Belarius smiled—his smile was as wide as a frog’s, and Yama thought that he could probably hold a whole watermelon slice in his mouth. The priest said, “We are palmers, not soldiers.”
“But you have knives to prepare your food, machetes to cut firewood, that kind of thing?”
“0h, yes.”
“A large group like yours need not worry. It is people traveling alone, or by two or by three, who are vulnerable.”
Belarius mopped at his scalp. His smile grew wider. He said eagerly, “And you have seen nothing?”
“But for the chattering of this boy, it has been a quiet journey.”
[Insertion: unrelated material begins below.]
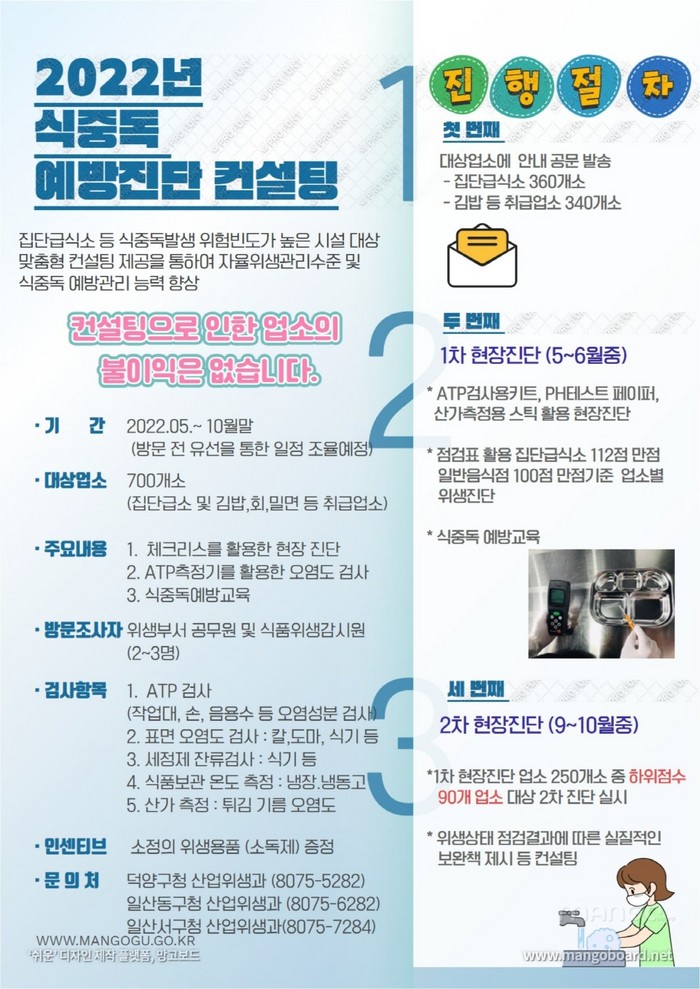 주요 컨설팅 내용은 작업대, 손 등의 ATP검사, 칼, 도마, 식기 등의 표면 오염도 검사, 식기 등의 세정제 잔류검사, 식품 등의 위생적 취급기준 준수, 개인위생관리, 유통기한 경과제품 보관·사용 여부 등이며 조리장 내 식중독균을 살균하기 위한 기구소독제도 함께 배부할 예정이다.

Yama smarted at Prefect Corin’s remark, but said nothing. Belarius smoked his cigarette—it smelt overpoweringly of cloves—and gave a rambling account of exactly how the ship on which he had hoped to take his charges all the way to Ys had been ambushed one night by water bandits in a decad of small skiffs. The bandits had been beaten off when the ship’s captain had ordered pitch spread on the water and set on fire.
“Our ship put every man to the oars and rowed free of the flames,” Belarius said, “but the bandits were consumed.”
Prefect Corin listened, but made no comment.
Belarius said, “The bandits fired chainshot. It damaged the mast and rigging and struck the hull at the waterline. We were taking on water in several places, and so we limped to the nearest port. My charges did not want to wait out the repairs, so we walked on. The ship will meet us at Ys, when we have finished our business there. A ghoul has been following us the past week, but that is the only trouble we have had. Such are the times, when the road is safer than the Great River.”
After Belarius had filled his waterskin from the spring and taken his leave, Yama said, “You do not like him.”
Prefect Corin considered this, then said in a measured tone, “I do not like veiled insults about the competence of the Department. If the Great River is no longer safe, it is because of the war, and those who travel on it should take suitable precautions and travel in convoy. Not only that, but our well-upholstered priest did not hire any bodyguards as escort on the road, which would have been prudent, and it would have been more prudent to have waited until the ship was repaired than to have gone forward on foot. I rather think that he has told us only half of the story. Either he does not have the money to hire men or to pay for repairs to the ship, or he is willing to risk the lives of his charges to make extra profit. And he put aboard with a bravado captain, which says little for his judgment. If the ship was able to outdistance the fire it set on the water, then it could have outdistanced the bandits. Often flight is better than fight.”
“If less honorable.”
“There is no honor in needless fighting. The captain could have destroyed his ship as well as the bandits with his trick.”
“Will we stay with these people?”
“Their singing will wake every bandit in a hundred leagues,” Prefect Corin said. “And if there are any bandits, then they will be attracted to the larger group rather than to the lesser.”